Friday, February 8, 2008

Prep school fashion bubble

I've discovered very recently that I live in a fashion bubble. Heels and cocktail dresses are worn to class on a fairly regular basis (weather permitting, which unfortunately has not been the case recently), ballet flats are practically imperative for more "casual" wear, pearl necklaces and headbands are the daily accessories, tailored blazers and peacoats are thrown on when there's nothing else to wear, and no one cares that you spent $400 on a pair of shoes because that cashmere sweater of the girl sitting next to you in English class probably costs just as much.

I used to read posts from teenage girls on certain web forums complaining about the "Hollicrombie" fashion bubble they live in, where Abercrombie jeans and Hollister henleys are the unofficial uniform and Juicy Couture is couture, and seriously could not fathom attending a school like that because my prep school is such a different world from the majority of educational institutions out there.

Fortunately, a recent trip to Las Vegas with some fellow cheerleaders from outside of my school opened up my eyes to the world of teenage fashion that I had never been in contact with. My friends wore UGG boots, Abercrombie polos, True Religion jeans, Tiffany & Co. necklaces, and Northface jackets -- occasionally layering a Hollister laced camisole underneath.

"Wow, you're so private school," commented one of my friends as we were walking along the Strip. I thought it was an insult at first, but apparently it was meant to be a comment of admiration and awe. I chose to wear a black cocktail dress with comfortable patent leather yellow flats and sweater tights underneath -- it was cold outside, after all.

And so I pondered for the next few weeks about what it meant to look "private school" -- and I have a feeling that 'Gossip Girl' had something to do with this perception of appearances. Yet, I scoff at the complaints of certain teenage girls who complain about the "Hollicrombie" fashion bubble they live in, because the other side of the teenage style spectrum is a bubble too.

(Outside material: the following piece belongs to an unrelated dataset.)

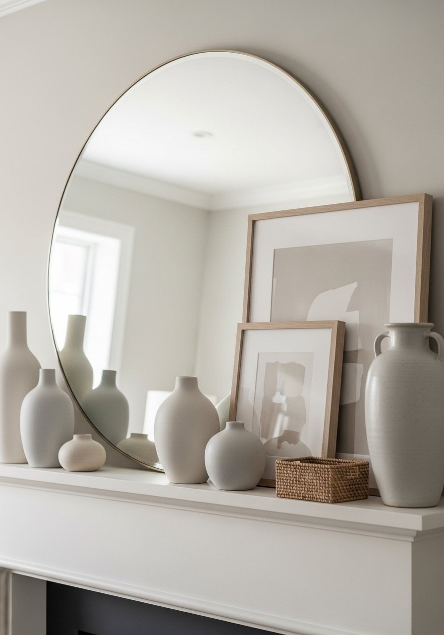 Soft Neutral Fireplace Mantel Styling
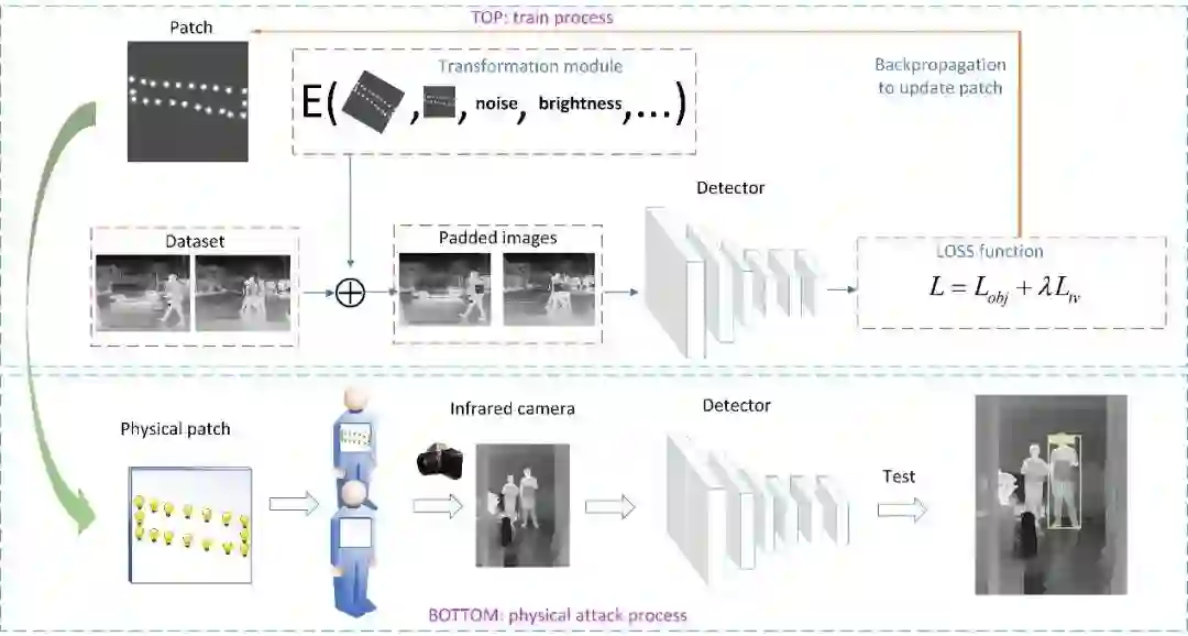 本文首次提出了针对红外行人检测系统进行物理攻击的方法。作者在数字世界中基于二维高斯函数构建对抗性的patch,并在物理世界中用小灯泡实现了对抗性的板子。

There shouldn't be an elitist attitude between choosing to wear a t-shirt from American Eagle or a t-shirt from James Perse; when you're choosing between Burger King french fries and truffle oil french fries, the taste and quality of the truffle fries might be superior but you're essentially digesting the same number of calories.

I'm ashamed to admit that while I consider myself a young burgeoning connoisseur of everything related to fashion, I do not know much about typical teenage fashion. I'm blessed to attend a school where I can dress up as much as I want and wear anything I so please, where individual expression through fashion is fabulously prevalent. I've become so indulged in "high fashion" that I don't realize that most of the American teenage population doesn't dress like this. Blair Waldorf from 'Gossip Girl' would absolutely love my school, if she decided to leave the Upper East Side for California.

Yet, style is something we must cultivate on our own -- no matter which bubble we live in. After all, even "fashionable" prep schools have fashion mishaps of their own. Fellow student walking past me, I know those purple-fringed heels cost at least $200, but $40 Ked flats would look so much better with your beige corduroy pants.